Mike Johnson agreed with a Fox News host that Biden is showing signs of "cognitive decline."
Johnson told Sean Hannity, "That is reality, it is not a personal slight to him."
In the same interview, Johnson said couldn't remember a number of comments attacking LGBTQ Americans.
House Speaker Mike Johnson on Thursday night agreed with Fox News host Sean Hannity that President Joe Biden is showing a "cognitive decline."
"I do. I think most of us do. That is reality, it is not a personal slight to him," Johnson told Hannity. "It has to do with age and acumen and everyone is different, everyone ages differently. Clearly, if you look at a tape of Joe Biden making an argument in the Senate Judiciary Committee a few years ago and you see a speech that he delivers now, there is a difference."
Biden has faced repeated questions about his age, given that he is the oldest president in the nation's history. The 80-year-old has responded by repeatedly trying to joke about his status.

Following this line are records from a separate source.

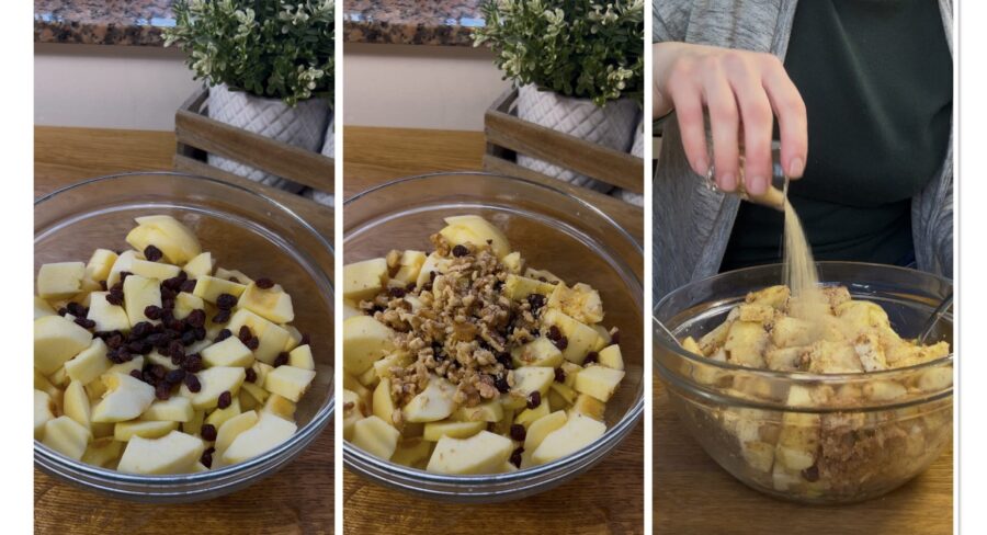 O crumble com maçã, nozes e passas se conserva em temperatura ambiente por 24h, coberto com um pano de algodão.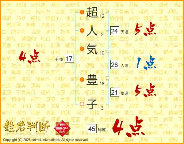 超(12画)人(2画)気(10画) 豊(18画)子(3画)
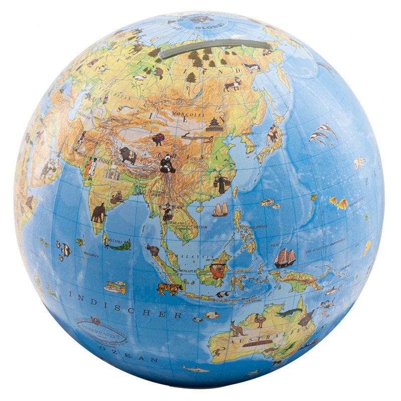 Diese Spardose zeigt das kindlich ansprechende Kartenbild "Unsere Erde", das mit farbenfrohen Tierabbildungen und einer Vielzahl an landestypischen Grafiken einen kleinen Einblick rund um unsere Welt vermittelt.

Johnson, who unexpectedly rose to lead the House after weeks of drama, says he has only met Biden twice. Johnson said he chatted briefly with the president on Thursday. The Louisiana Republican stressed that he has nothing personally against Biden, though he cautioned that they have major political differences.
Hannity later asked Johnson about his past comments that questioned LGBTQ Americans. Johnson, who is an evangelical Christian, worked to thwart same-sex marriage and served in leadership roles with the Southern Baptist Convention.

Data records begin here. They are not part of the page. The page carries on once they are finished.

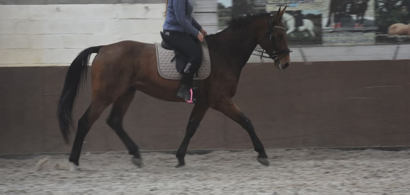 Direkt vom Züchter durften wir ihn zusammen mit seinem Stallkollegen Valesco vd Melane übernehmen. Lernen Sie Voltaire van de Melane kennen, einen imposanten und eleganten 4,5-jährigen Wallach von ca. 1,75 m, mit hervorragender Abstammung: Querido VG x Concorde Z x Tresor D 12. Ein Pferd mit großem Potenzial, geeignet für den Sport (Dressur + Springen) sowie für Freizeitaktivitäten. Voltaire ist wunderschön gebaut und verfügt über viel Ausstrahlung und Elastizität. Er ist freundlich, fröhlich und positiv im Wesen. Unter dem Reiter zeigt er seine natürliche Balance und seinen kooperativen Charakter. Er sucht die Verbindung zum Reiter und ist angenehm zu reiten. Im Umgang ist er robust, aber trotzdem ein echtes Schmusepferd. Nüchtern, anhänglich und immer offen für viel Aufmerksamkeit. Er ist hier und zuvor gut im Straßenverkehr sowie beim Trailerfahren gewesen. Sehr sozial. Frei von (stall)bedingten Defekten. Voltaire ist kerngesund und kann sich hervorragend bewegen, mit viel Takt, Balance und Raumgefühl. Röntgenologisch und klinisch gut geprüft, sowohl die Beine als auch Rücken und Hals. 9750 € inklusive Marken-Wanderreithalfter und Komplettzaum.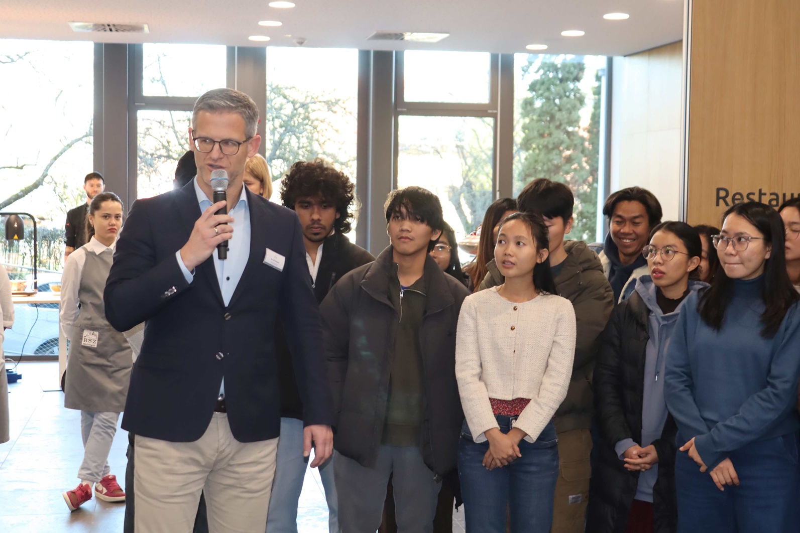 Nach den Begrüßungen genossen die Azubis, die Gäste sowie die Lehrkräfte der Klasse das Mittagessen, das Auszubildende der Gastronomie unter Anleitung von Norbert Boos und Bettina Kurz zubereiteten und servierten. Bei diesem berichtete Hsu Nandar Htet, wie gut ihr Deutschland und die Ausbildung gefallen. „Besonders begeistert mich die Verknüpfung von Theorie und Praxis. Auch die tollen Zukunftsperspektiven finde ich super“, so Nandar Htet. Sie vermisse bis auf das gewohnte Essen bisher eigentlich nichts, selbst die Familie fehle ihr nach erst zwei Monaten in Deutschland eigentlich kaum. Nur mit der Sprache, speziell dem Schwäbischen tue sie sich noch schwer. Allerdings habe sie immerhin schon „Käpsele“, „Jetzetle“ und „Muggeseggele“ drauf. Auch Aye Chan Paing Oo sieht sich bestens in Deutschland angekommen: „Dass wir hier sind, ist doch wirklich eine Win-Win-Situation: Deutschland bekommt neue Pflegekräfte und wir ein besseres Leben als in Myanmar“, so Chan Paing Oo.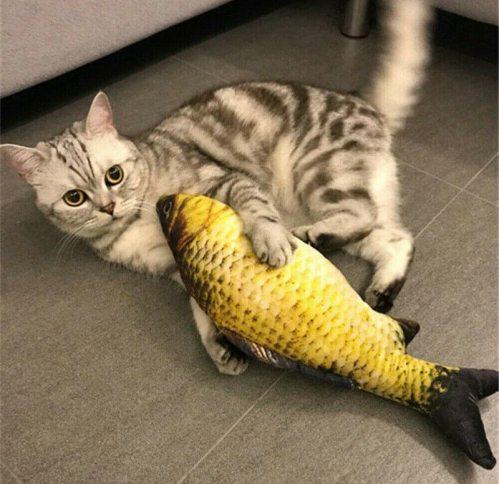 Thanks to a built-in motion-detecting motor, our fish flops with life-like motion when your cat interacts with it or moves near it (imagine the fear and excitement!). When it’s left alone, the fish will not move — playing dead until your cat approaches it again. The motion sensor even adjusts its level of movement based on your cat’s movement: it goes fast if your cat is scurried, and it also moves slowly if your cat is approaching it slowly.

"States have many legitimate grounds to proscribe same-sex deviate sexual intercourse," Johnson wrote in 2003, advocating for the criminalization of gay sex. Johnson also wrote that expanding marriage rights could lead " a person to marry his pet."
Asked about the comments, Johnson, perhaps conveniently, forgot years' worth of statements.
"I don't even remember some of them," Johnson said as Hannity stressed some of his comments came "15 years ago."
"I was a litigator that was called upon to defend the state marriage amendments," Johnson said.
The House speaker said that now views the issue of same-sex marriage as settled after the Supreme Court's landmark ruling in Obergefell v. Hodges.
"I respect the rule of law, I also genuinely love all people," Johnson said. "This is not about the people themselves this is about their lifestyle choices."
Spokespersons for the White House and for Johnson's office did not immediately respond to Insider's request for comment. Johnson will have to work closely with Biden on a number of issues, including funding the federal government which is set to run out of money in just a matter of weeks.